AgentGuard architecture

  • Client: With minimal code modifications, the AgentGuard client integrates into agent frameworks and can intercept before and after LLM calls, as well as before and after tool invocations. It can perform lightweight local filtering on the client side and forward events to the server for deeper inspection by configured plugins.
  • Server: The server receives information from clients, uses configured plugins to evaluate agent actions against policies, produces policy decisions, and sends them back to clients. It also monitors agent status for administrative auditing.
  • Plugin Extensibility: Both client and server support pluggable plugins. To add custom plugins, see the client plugin guide and the server plugin guide.
  • Custom Auditor Extensibility: The backend also supports pluggable custom auditors for post-hoc trace review. Shared auditor abstractions live under src/server/backend/audit/, while concrete auditors live under src/server/backend/audit/auditors/. See the documentation chapter on custom auditors.

👥 Contributors

Contributor Role
Jiarun Dai Asst. Prof., Fudan University
Jiaqi Luo PhD Student, Fudan University
Songyang Peng Master Student, Fudan University
Zhile Chen Master Student, Fudan University
Zhuoxiang Shen Eng.D Student, Fudan University
Xudong Pan Asst. Prof., Fudan University
Geng Hong Asst. Prof., Fudan University

Listed in no particular order.
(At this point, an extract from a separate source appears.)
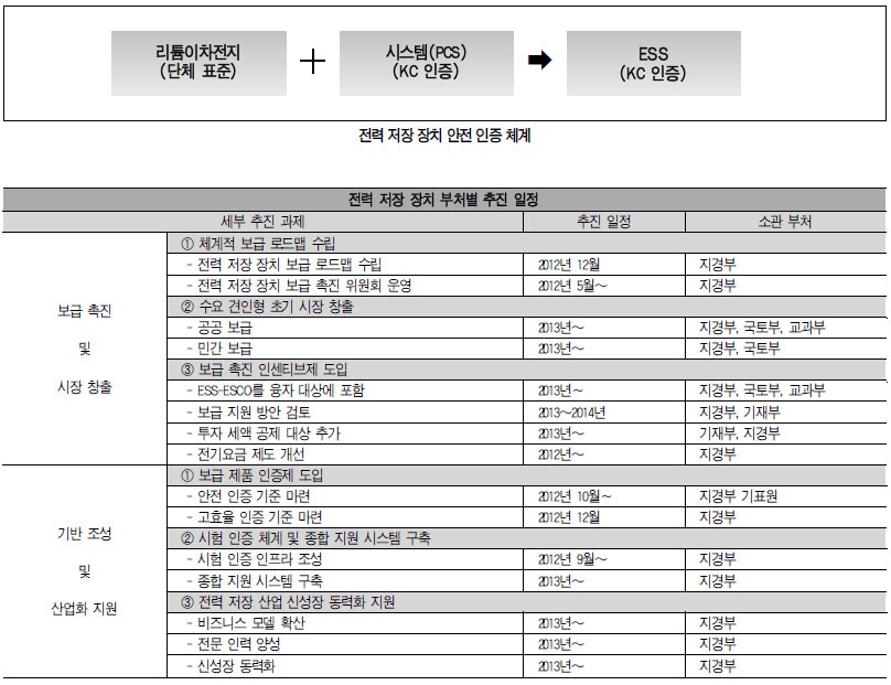 2012³â 10¿ùºÎÅÍ 100§Ò±Þ Àü·Â ÀúÀå ÀåÄ¡¿¡ ´ëÇÑ ÀÚÀ² ¾ÈÀü ÀÎÁõ(KC)Á¦¸¦ ½ÃÇàŰ·Î Çß´Ù. ÇÑÆí, KC¾ÈÀü ÀÎÁõÀ» ½Ã½ºÅÛ(PCS) ºÎºÐ¸¸ Àû¿ëÇϱ⿡ ¸®Æ¬ÀÌÂ÷ÀüÁö¿¡ ´ëÇÑ ¾ÈÀü ÀÎÁõ ±âÁØÀ» º°µµ·Î È®º¸ÇØ¾ß ÇÑ´Ù. ÀÌ¿¡ µû¶ó ´Üü Ç¥ÁØÀ» ÅëÇØ ¸®Æ¬ÀÌÂ÷ÀüÁö¿¡ ´ëÇÑ ¾ÈÀü ÀÎÁõ ±âÁØÀ» 2012³â 11¿ù±îÁö ¸¶·ÃÇϰí, ÁßÀå±âÀûÀ¸·Î ±¹Á¦ Ç¥Áذú ¿¬°èÇϱâ·Î Çß´Ù. ¾Æ¿ï·¯ 2012³â ¸»±îÁö '°íÈ¿À² ¿¡³ÊÁö ±âÀÚÀç º¸±Þ ÃËÁø¿¡ °üÇÑ ±ÔÁ¤'À» °³Á¤ÇØ Àü·Â ÀúÀå ÀåÄ¡¸¦ °íÈ¿À² ÀÎÁõ´ë»ó ǰ¸ñ¿¡ Ãß°¡Çϰí, ½ÃÇè ±â°üº° Æ¯È ±â¼ú·ÂÀ» °í·ÁÇØ ½ÃÇè Æò°¡ Àåºñ ¹× ½Ã¼³ ±¸ÃàÀ» Áö¿øÇϸç, ±â¾÷-½ÃÇè±â°üÀÇ »óÈ£ Çù·Â ü°è¸¦ ±¸ÃàÇØ ¾÷°è º¸À¯½ÃÇè Æò°¡ ÀÎÇÁ¶ó¸¦ ÃÖ´ëÇÑ È°¿ëÇϱâ·Î Çß´Ù. ½Å¼ºÀå µ¿·ÂÈ | Àü¹® Àη ¾ç¼º, ¹Î°ü ÇÕµ¿ ÅõÀÚ È®´ë µîÀ» ÅëÇÑ Àü·Â ÀúÀå »ê¾÷ÀÇ ½Å¼ºÀå µ¿·ÂÈ´Ù. Àü·Â ÀúÀå¿ë ¸®Æ¬ÀÌÂ÷ÀüÁö ÇÙ½É ¼ÒÀç °í±Þ °úÁ¤ µî ´Ù¾çÇÑ Àη ¾ç¼º »ç¾÷À» ÅëÇØ ¼® ¡¤ ¹Ú»ç±Þ °í±Þ Àη ¾ç¼ºÀ» ÃßÁøÇϰí, ÀÚ°Ý °ËÁ¤ ½ÃÇèÀ» ÅëÇØ ¹Ù·Î ½Ç¹«¿¡ Àû¿ëÇÒ ¼ö ÀÖ´Â ÇöÀå Àü¹® ÀηÂÀ» ¾ç¼ºÇϱâ·Î Çß´Ù. Àü·Â ÀúÀå »ê¾÷ÀÇ ½Å¼ºÀå µ¿·Âȸ¦ À§ÇØ ¾÷°è´Â 2020³â±îÁö ¼³ºñ ÅõÀÚ, R&D ÅõÀÚ µî¿¡ ¾à 20Á¶ ¿øÀ» ÅõÀÚÇϰí, ´ëÇÐ ¡¤ ¿¬±¸¼Ò ¡¤ Á¤ºÎ µîÀº À̸¦ µÞ¹ÞħÇϱâ À§ÇØ ¿øÃµ ÇÙ½É ±â¼ú °³¹ß, Áß´ëÇü ESS½ÇÁõ »ç¾÷À» ÃßÁøÇϱâ·Î Çß´Ù.

Thanks to everyone who helped shape AgentGuard.

🎯 Roadmap

  • Support more mainstream frameworks
  • Support agent systems in more programming languages
  • Enable protection for multi-agent scenarios
  • Expand LLM input/output monitoring and plugin coverage
  • Add more varied policy actions
  • Provide automatic security policy recommendations

📚 Citation

If you use AgentGuard in your research, please cite:

@misc{agentguard2026,
      title={AgentGuard: An Attribute-Based Access Control Framework for Tool-Use LLM-Based Agent},
      author={Jiaqi Luo* and Songyang Peng* and Jiarun Dai and Zhile Chen and Zhuoxiang Shen and Geng Hong and Xudong Pan and Yuan Zhang and Min Yang},
      year={2026},
      eprint={2605.28071},
      archivePrefix={arXiv},
      primaryClass={cs.CR},
      url={https://arxiv.org/abs/2605.28071},
}

📜 License

This project is licensed under the GNU General Public License v3.0 (GPLv3).

📝 Version Log

v2.0

  • Built a modular zero-trust framework for agent security.
  • Added compatibility for OpenClaw and JS client integrations.